SHOP’s share price got ahead of its financials during the long market bull-run and is now consolidating down to where the fundamentals can support the valuation.
Market Correlation
Once the various stimulus packages came into effect around the world, assets rose fast, and in many cases became overvalued. Now that the stimulus has ended and central banks contract monetary policies, we will continue to see growth expectations plummet and valuations evaporate.
The tech heavy Nasdaq 100 (NDX) is down over 20% from its all-time-high in November 2021. Although SHOP is not in the index itself, they have similar attributes of being growth and tech oriented. SHOP has a high correlation of 0.85 with the index.
SHOP has a high beta of 2.2 (three year, monthly returns), meaning that for every 1% move in the NDX, SHOP is expected to move 2.2%. Since the NDX dropped 20%, one would expect a 44% drop in SHOP statistically. However, SHOP has dropped 70% in the same time period. So, that means the market perceives SHOP to have more downside risk than the market.
External Pressure
The main cause of the market’s fear is inflation and the resulting effects, including interest rate hikes and recession.
SHOP has negative net debt, meaning they hold more cash and equivalents than debt, so unlike many other companies it will not face risk of rolling debt at a higher rate. However, that does not mean SHOP is not affected by interest rates.
Many of SHOP’s customers may have taken on debt, and will face increased debt driven risks like default, which would reduce SHOP’s gross merchandise sales.

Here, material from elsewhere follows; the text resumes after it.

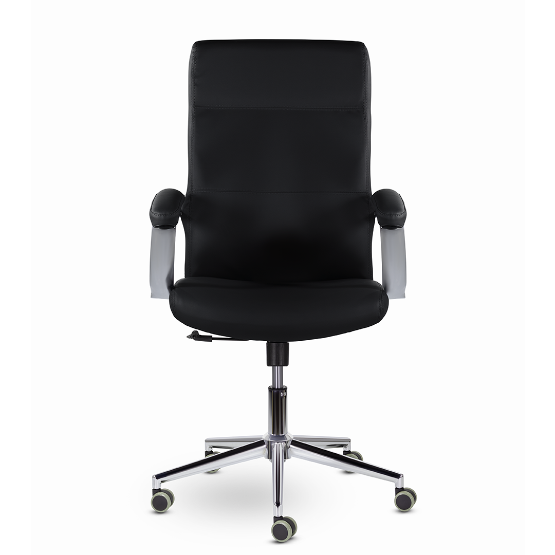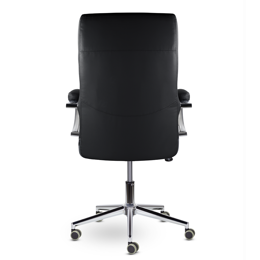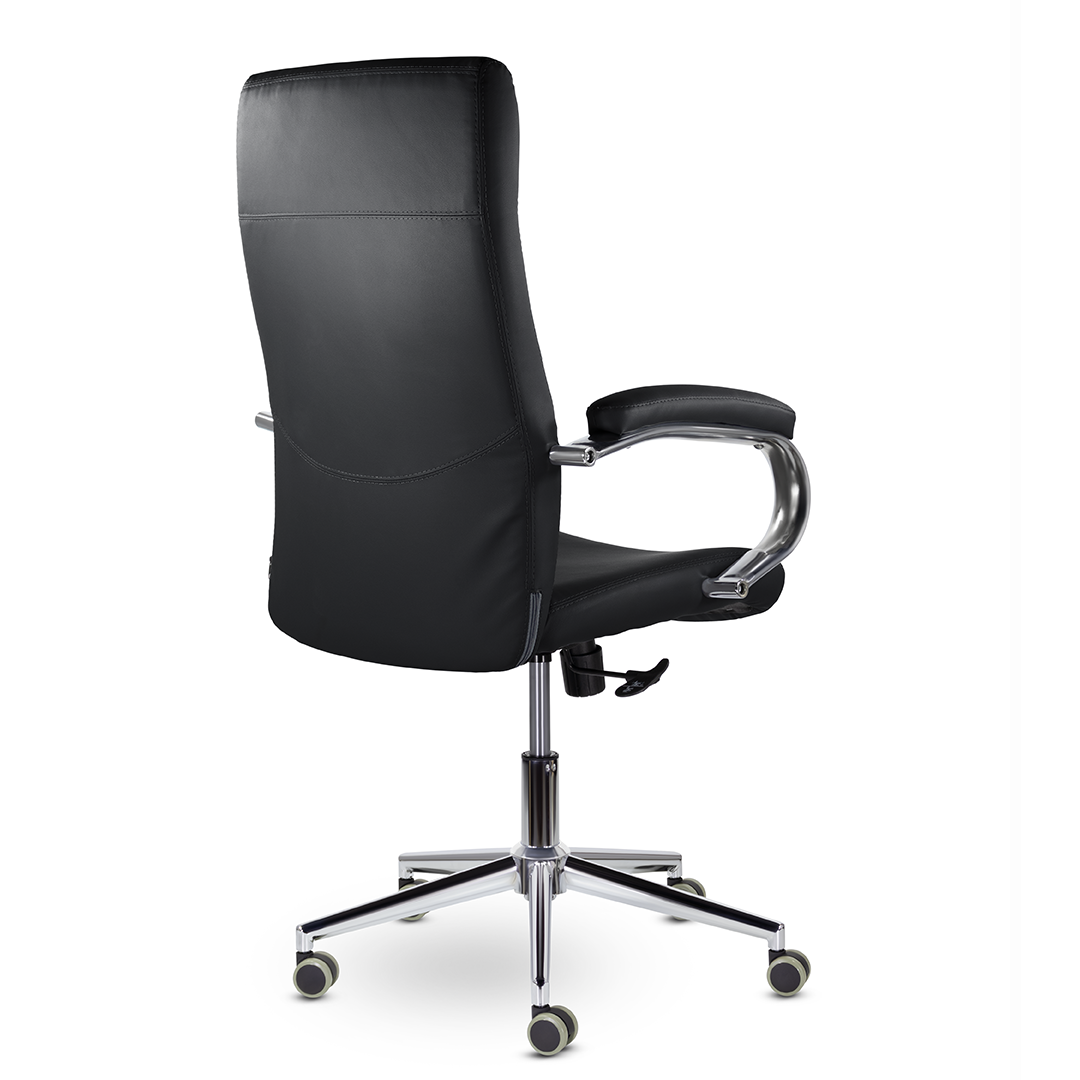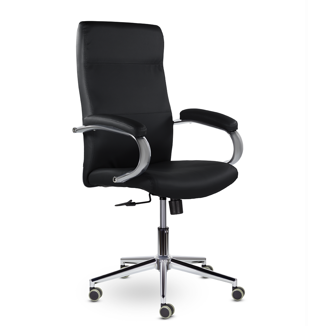 Элегантная модель для современных офисов, кабинетов и пространств. Высокая эргономичная спинка обеспечивает поддержку спины на протяжении всего рабочего дня, а широкое сидение - комфортную посадку. Хромированные подлокотники с мягкими накладками. Максимальная нагрузка 120 кг.

The bigger risk for SHOP is economic contraction, as its underlying merchants largely provide discretionary products which are generally the first thing consumers pass on when they need to tighten their wallets.
SHOP is facing more external changes than just the broad economic conditions, competition is increasing. AMZN is introducing ‘shop with prime’ which allows third-party merchants to integrate AMZN’s shipping and payment system with their own websites. Although it does not have the same depth of services as SHOP’s offerings, it may be a substitute for some merchants. Since SHOP’s valuation has been heavily attributed to long-term growth prospects, increasing competition which takes even a small portion of its market share can have a drastic effect.
Wall Street’s Take
Turning to Wall Street, SHOP earns a Moderate Buy rating with 15 Buy and 14 Hold ratings assigned over the past three months.
The average SHOP stock price target of $986.60 implies 114% upside potential.
Conclusion
For a long time SHOP has been overvalued, but is now more reasonably priced. However, external conditions are not in SHOP’s favor, and could hamper growth in the short to medium term. I am more hesitant than the analyst consensus, and remain Neutral on SHOP.